Ahmet Arif ölüm yıldönümünde ölümsüz şiirleriyle anılıyor

Diyarbakır doğumlu büyük ozan Ahmet Arif,  bundan 30 yıl önce bugün; 2 Haziran 1991’de kalp krizi sonucu hayata veda etti.

Asıl adı Ahmet Hamdi Önal olan Ahmet Arif,  8 kardeşin en küçüğü olarak Diyarbakır’da doğdu. Babası memur olduğu için birçok şehir dolaştı. Ortaokulu Urfa’da, liseyi Afyon’da okudu. Ankara Üniversitesi Dil ve Tarih Coğrafya Fakültesi Felsefe Bölümü öğrencisiyken 1950’de Türk Ceza Yasası’nın 141. maddesine aykırı davranmak suçlamasıyla tutuklandı. 1952’de gizli örgüt kurma iddiasıyla yine tutuklandı. 2 yıl hapiste kaldı.

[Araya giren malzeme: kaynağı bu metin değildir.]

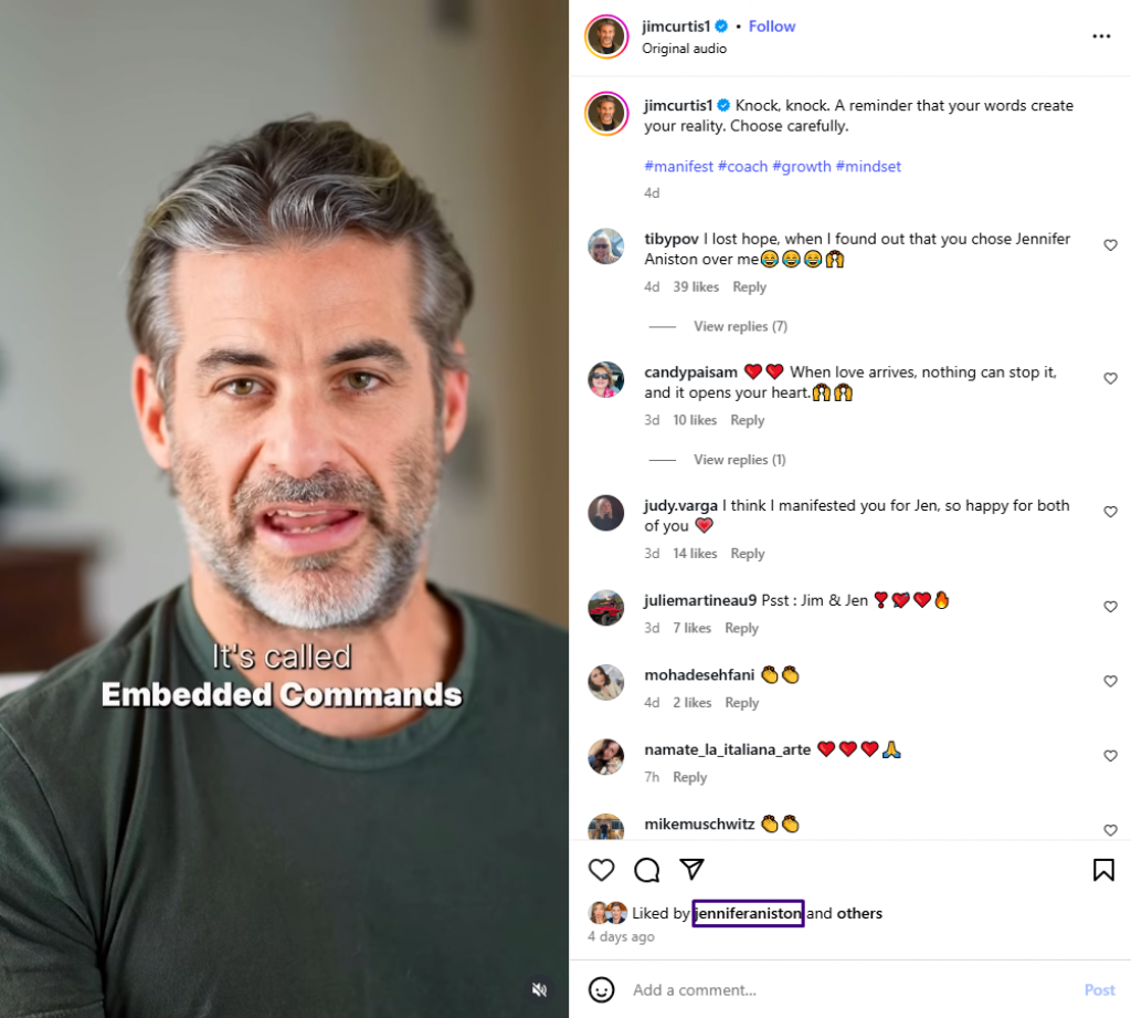 Džim Kertis nije običan lajf kouč; dečko Dženifer Aniston je hipnotizer specijalizovan za rad s podsvesti, balansiranje nervnog sistema i transformaciju životnih šablona. Na društvenoj mreži Instagram, Kertisa prati više od pola miliona ljudi, a njegove motivacione poruke privlače pažnju širom sveta.

Cezaevi günleri sona erince Ankara’ya yerleşti. Ankara’daki gazeteler ve dergilerde teknik işlerle uğraşarak yaşamını kazandı.

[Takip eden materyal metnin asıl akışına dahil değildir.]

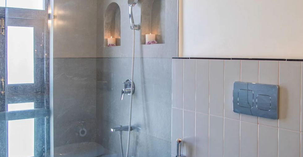 Features include glass-enclosed showers, premium fittings, and fresh towels.

1968’de tek kitabı olan “Hasretinden Prangalar Eskittim” yayınlanınca, çok büyük bir yankı uyandırdı. Kitap yayınlanmasından sonraki 12 yılda sayısız baskı yaptı.

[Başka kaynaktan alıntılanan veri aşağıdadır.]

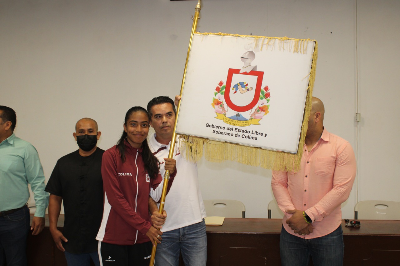 Ante las y los deportistas, el titular del Incode abanderó a la futbolista Haily Lithuania García Camacho, con el estandarte del Gobierno del Estado de Colima; a Juan Carlos Carrillo Cosío, de artes marciales, con el estandarte de la Secretaría de Educación y Cultura; a la futbolista Diana Guadalupe Cárdenas Gutiérrez con el estandarte de la Conade, y a Luis Castellanos Morfín, de artes marciales, con el estandarte del propio instituto.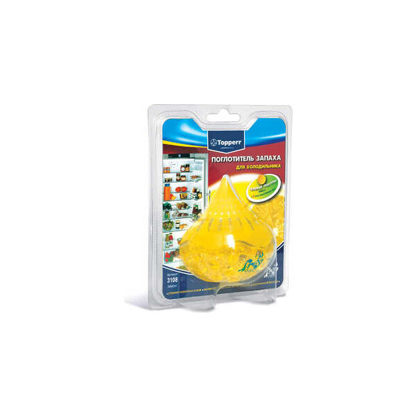 Поглотитель запахов Topperr 3111 – эффективное средство с ароматом апельсина, которое активно удаляет различные неприятные запахи, образовывающиеся в холодильнике. Аксессуар обладает гелевой структурой, а изготовлен он из безопасных углеродных, а также минеральных адсорбентов. Поглотитель не вредит холодильнику и способен устранить неприятные запахи от: лука, рыбы, сыра, либо чеснока.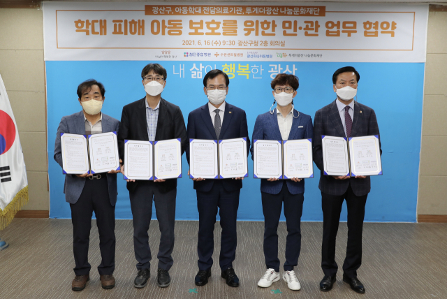 광산구는 16일 오전 구청 회의실에서 아동학대 전담의료기관 3곳, 투게더광산 나눔문화재단과 ‘아동학대 예방 및 피해아동 지원을 위한 업무 협약’을 체결했다.

Kürtçe’ye çevrilen şiirleri bir destan gibi elden ele dolaştı. Şiirlerinin çoğu bestelendi

Meydanlardan, zindanlardan ve dağlardan onun şiirlerinin sesi yükseldi.

Ahmet Arif, Kürt halkının çilesini yüreğinde hisseden ,Türkçeyi de en iyi kullanan şairlerden biriydi… Türkçe yazsa da dizeleriyle Kürt aydınlanmasına can verdi.

Onun şiirleri miting meydanlarından dağların doruklarına, işkence odalarından mahpus damlarına kadar zulme karşı direnen herkese güç ve moral verdi.

Meydanlardan, zindanlardan ve dağlardan hâlâ onun sesi geliyor. Eskisinden farklı olarak da bu kez anadilinde; Kürtçe sesleniyor; 

“Min derguşan dayê Nuhê / Zenzelîkan cincolan/ Dîya te ya Havva tifila duhe ye/ Anatolya me ez tu min naz diki?”